Als Entschädigung ging das Umbauen wenigstens angenehm schnell, und bereits nach den ersten Sekunden, in denen meine Kleidung zu "Die Stulle Nach Dem Schiss" flatterte, vergaß ich alle Unannehmlichkeiten. "Blau An Der Küste" schloss sich an, und wie aus dem Nichts kam eine gemütliche, melancholische und familiäre Atmosphäre auf, während sie mit "Schwan" und "Prima Wetter" begannen, die lange Liste meiner Wünsche abzuhaken.

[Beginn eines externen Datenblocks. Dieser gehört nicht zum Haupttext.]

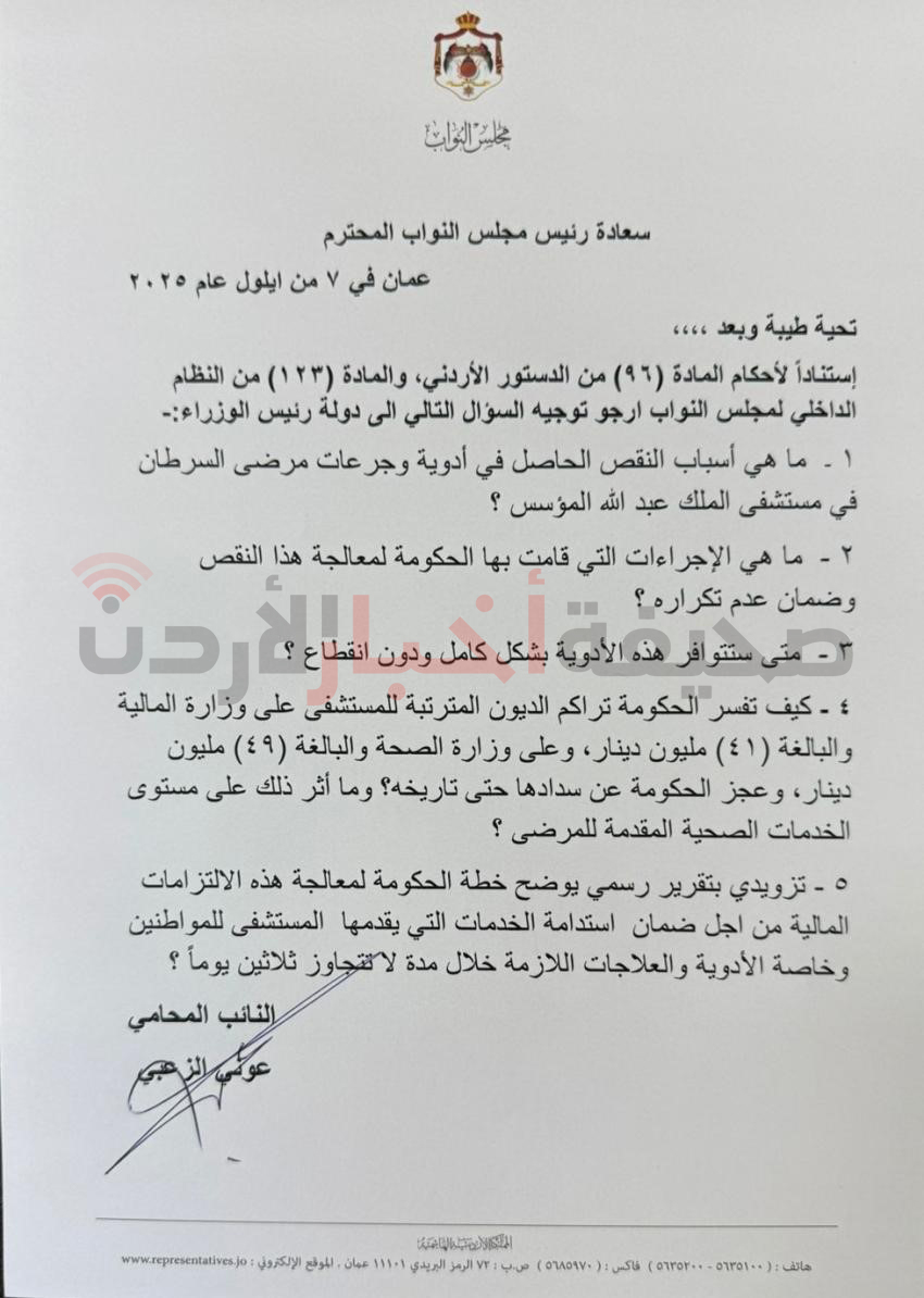 وطالب الزعبي الحكومة بتقديم تقرير رسمي خلال 30 يوماً يوضح خطتها لمعالجة الالتزامات المالية المترتبة على المستشفى، وضمان استدامة خدماته العلاجية، خصوصاً ما يتعلق بتوفير الأدوية والجرعات اللازمة لمرضى السرطان.

Falls es jemand geschafft haben sollte, einen Bogen um das Phänomen TURBOSTAAT zu machen, dann sei das an dieser Stelle kurz angeschnitten. Die fünfköpfige Band zeichnet sich durch hervorragende, wenn auch stets schwierige Texte und die dazu passende, traurige und verträumte musikalische Untermalung aus, ohne jedoch dabei den rauen Charakter zu Gunsten der Massenkompatibilität über Bord zu werfen. Sie haben sich so in den letzten Jahren einen Haufen Bewunderer erspielt und sind dabei scheinbar nur wie ein Wunder der Aufmerksamkeit der Massenmusikmedien entkommen. In dem gut gefüllten größeren der beiden Räume waren auch die meisten Besucher erstaunlich textsicher und wohl nur im Einzelfall zufällig dort gelandet.

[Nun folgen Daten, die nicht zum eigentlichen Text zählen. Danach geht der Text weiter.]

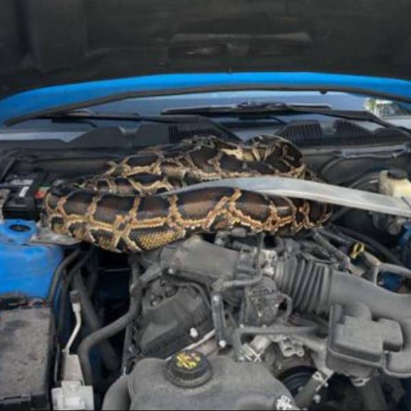 Gerard Doffay, que ayudó a sacar al reptil del carro, dijo al canal que "era una serpiente grande" como de "unos 20 pies (6 metros)", pero el comunicado de la FWC indicó después que la pitón medía 10 pies (3 metros), exactamente la mitad.

Eine Hand voll neuer Stücke, die ich noch nicht kannte, sorgte für Auflockerung und weckten wieder mein in letzter Zeit leicht verblasstes Interesse an den Flensburgern. Das immer noch etwas frische Stück "Haubentaucherwelpen" und das überragende "Drei Ecken, Ein Elvers" wischten jedes Zeitgefühl vom Tisch, und ein wenig neben mir genoss ich die damit verbundenen Erinnerungen. Ehe ich mich versah, kündigten sie mit "18,09 Uhr, Mist... Verlaufen" auch schon das reguläre Ende ihres Auftrittes an, obwohl es sich um mehr als eine Stunde gehandelt haben muss. "Warten Auf Flitzi" und "Captain Käse" gab es ohne langes Bitten noch als Zugabe, und mehr als nur zu zufrieden bahnte ich mir meinen Weg in die kühle Samstag-Nacht. 


Fazit: Ein Abend, den ich erst gegen Ende in vollen Zügen genießen konnte - dafür dann aber richtig. Traumhaft.